REQUIRED ACTION: Pictures in the entries below are excluded; copy only the lines from the one containing "1、在匹诺康尼-开拓之尾号『原晖长石号』〈-1层贵宾区〉【具体位置如图所示】;" to the one containing "The dress exemplifies", both included.

DATA EXTRACT:
====

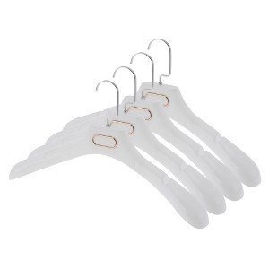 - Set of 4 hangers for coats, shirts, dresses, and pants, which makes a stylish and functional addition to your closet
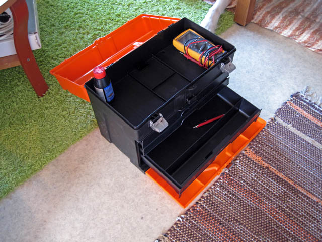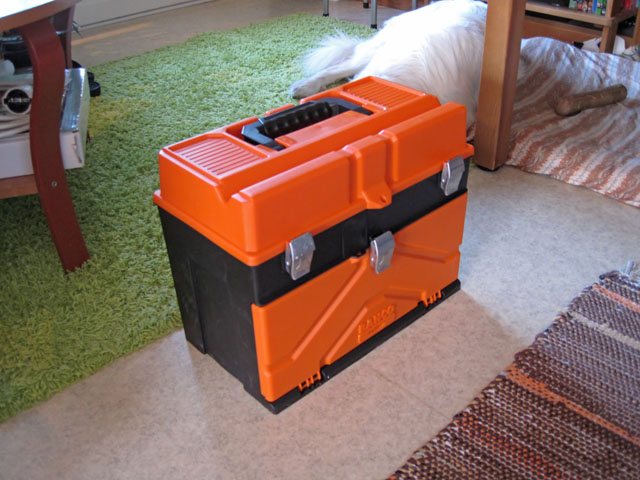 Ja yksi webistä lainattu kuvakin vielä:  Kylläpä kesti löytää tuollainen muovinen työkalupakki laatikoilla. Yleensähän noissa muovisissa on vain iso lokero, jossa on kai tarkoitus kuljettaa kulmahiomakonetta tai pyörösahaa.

====

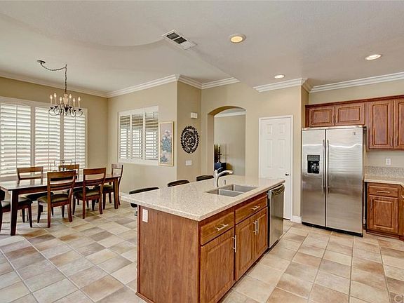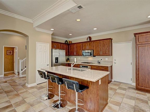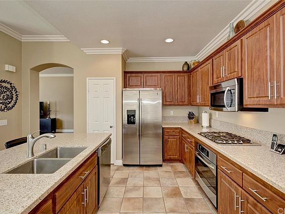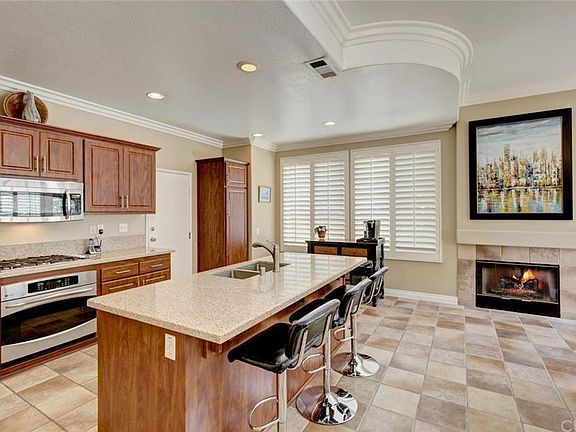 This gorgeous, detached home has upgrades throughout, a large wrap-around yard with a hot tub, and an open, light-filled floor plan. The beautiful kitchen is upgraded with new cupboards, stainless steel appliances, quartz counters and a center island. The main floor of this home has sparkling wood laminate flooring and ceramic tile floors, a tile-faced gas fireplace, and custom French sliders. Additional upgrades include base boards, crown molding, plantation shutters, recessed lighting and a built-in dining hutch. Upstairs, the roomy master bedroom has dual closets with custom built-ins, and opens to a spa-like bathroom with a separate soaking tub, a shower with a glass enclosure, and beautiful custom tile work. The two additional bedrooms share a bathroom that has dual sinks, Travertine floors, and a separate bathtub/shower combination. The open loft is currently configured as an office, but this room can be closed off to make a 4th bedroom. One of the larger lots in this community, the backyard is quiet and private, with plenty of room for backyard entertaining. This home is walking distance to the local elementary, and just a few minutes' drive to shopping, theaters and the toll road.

====

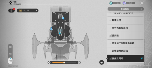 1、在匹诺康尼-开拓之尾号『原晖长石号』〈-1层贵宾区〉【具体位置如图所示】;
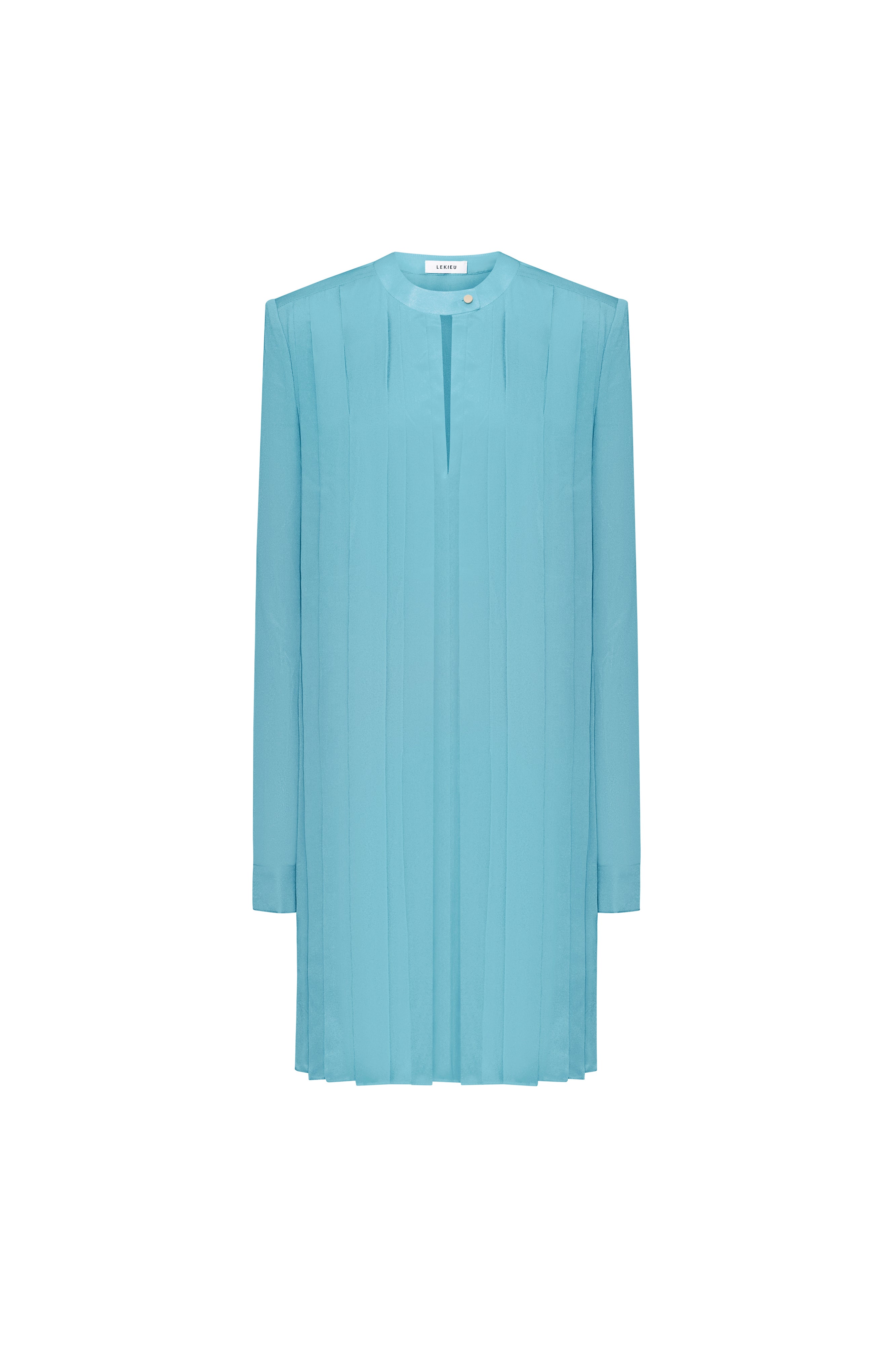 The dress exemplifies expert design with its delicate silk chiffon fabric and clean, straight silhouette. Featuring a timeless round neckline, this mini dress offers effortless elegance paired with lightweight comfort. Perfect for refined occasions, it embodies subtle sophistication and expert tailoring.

====

PROBLEM SOLUTION:
 1、在匹诺康尼-开拓之尾号『原晖长石号』〈-1层贵宾区〉【具体位置如图所示】;
 The dress exemplifies expert design with its delicate silk chiffon fabric and clean, straight silhouette. Featuring a timeless round neckline, this mini dress offers effortless elegance paired with lightweight comfort. Perfect for refined occasions, it embodies subtle sophistication and expert tailoring.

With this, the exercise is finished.